Director General Federal Investigation Agency
- In office 03 February 2026 – Incumbent
- Appointed by: Government of Pakistan
- Preceded by: Raja Riffat Mukhtar

Inspector General of the Punjab Police
- In office 24 January 2023 – 02 February 2026
- Preceded by: Mohammad Aamir Zulfiqar Khan
- Succeeded by: Rao Abdul Kareem

Personal details
- Awards: Hilal-e-Imtiaz
- Police career
- Allegiance: Pakistan
- Branch: Punjab Police
- Service years: 1995 - present
- Status: Active
- Rank: Inspector General of Police

= Usman Anwar =

Director General Federal Investigation Agency

Usman Anwar is a Pakistani police officer who has been the Director General of the Federal Investigation Agency (FIA) since 3 February 2026. He was the Inspector General of the Punjab Police in the province of Punjab from 24 January 2023 until 2 February 2026, and had earlier served as Director of the FIA Lahore branch.

==Career==
Anwar joined Punjab Police in 1995. He had been serving as the Additional Inspector General (AIG) of the Motorway Police before his appointment as the Punjab Inspector General of Police (IGP) in January 2023. Anwar has held various positions within the police force in Pakistan, including as an Additional IG of the Special Branch in Punjab, and as the District Police Officer (DPO) of Okara and Sargodha. He has also worked in the Telecommunication and Elite Police departments. He Belongs to Arain family of Punjab.
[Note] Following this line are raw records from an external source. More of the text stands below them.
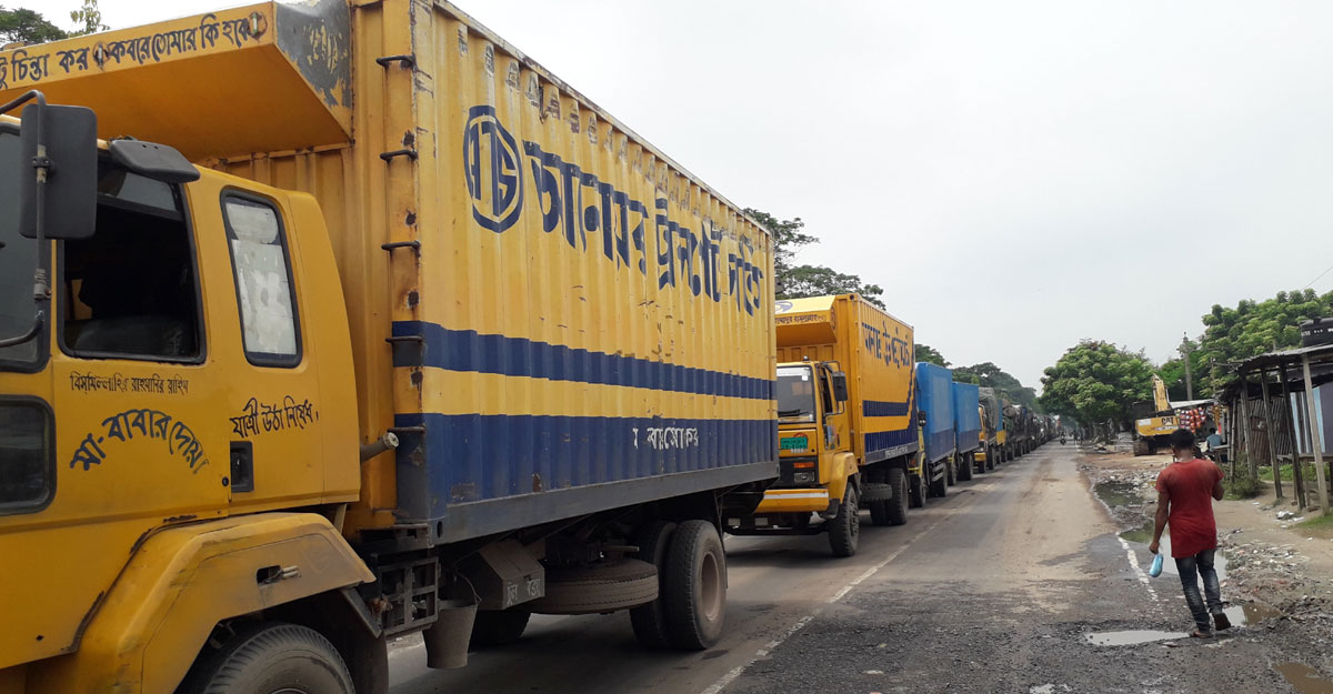 সরেজমিনে দেখা যায়, দৌলতদিয়া ফেরিঘাটের জিরো পয়েন্ট থেকে ঢাকা-খুলনা মহাসড়কের বাংলাদেশ হ্যাচারিজ পর্যন্ত এলাকায় ফেরি পারের জন্য অপেক্ষায় রয়েছে অসংখ্য ট্রাক। অন্যদিকে দৌলতদিয়া ঘাট থেকে ১৩.৫ কিমি দূরে রাজবাড়ী-কুষ্টিয়া আঞ্চলিক মহাসড়কের গোয়ালন্দ মোড় থেকে রাজবাড়ীমুখী পণ্যবাহী ট্রাক ও কাভার্ডভ্যানকে আটকে রাখা হয়েছে। এগুলো অগ্রাধিকার ভিত্তিতে পার করা হচ্ছে।
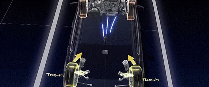 在高速变线时,后轮与前轮转向角度相同,提高了行使的稳定性;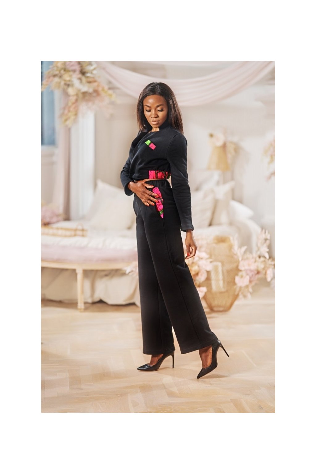 Představujeme vám náš černý sportovně elegantní set z africké látky s brazilským střihem na bocích a vysokým pasem. Mikina s rukávy na zip a černé široké kalhoty přinášejí všestrannost. Vysoký pas dodává eleganci a šmrnc. Vše vyrobeno z 100% bavlny pro dokonalý vzhled a komfort. Set je k dispozici ve velikostech S a M, s možností zakázky na míru. Kromě toho nabízíme volbu individuální barvy dle vašeho výběru a možnost doladit detaily podle vašich přání, abyste měli set přesně podle svého vkusu a rozměrů. Celkový design je propracovaný a vkusný, což dělá z tohoto setu vhodný kousek pro různé formální i neformální příležitosti.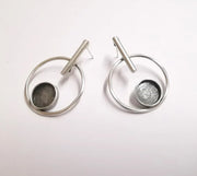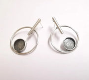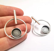 Hoop Rod Stick Round Silver Earring Set Base Wire Antique Silver Plated Brass Earring Base (12mm cabochon bezel) (43x31mm) G34199

Anwar's appointment as the Punjab IGP was part of a significant bureaucratic reshuffle by the federal government, which saw him replace Mohammad Aamir Zulfiqar Khan, who was ordered to report to the Establishment Division in Islamabad. Alongside Anwar's appointment, Ghulam Muhammad Dogar was removed from his positions as the Capital City Police Officer (CCPO) of Lahore and as the convener of a Joint Investigation Team (JIT) investigating an attack on Imran Khan, the chairman of the Pakistan Tehreek-e-Insaf (PTI) party.

He is recipient of the Hilal-i-Imtiaz.

== Controversies ==

=== Killing of Ali Bilal ===

A special needs supporter of Pakistan Tehreek-e-Insaf (PTI), Ali Bilal alias Zille Shah, was arrested by Punjab Police from outside Zaman Park on 9 March 2023. He was last videoed alive in a police van before his dead body was brought to the hospital. The autopsy report revealed that Bilal was tortured and had excessive bleeding from a head injury. Anwar, in a press conference, claimed that Bilal was released the same day and was a victim of a traffic accident meanwhile, PTI, including its chief, Imran Khan maintained that Bilal died of custodial torture and demanded a judicial inquiry into the matter.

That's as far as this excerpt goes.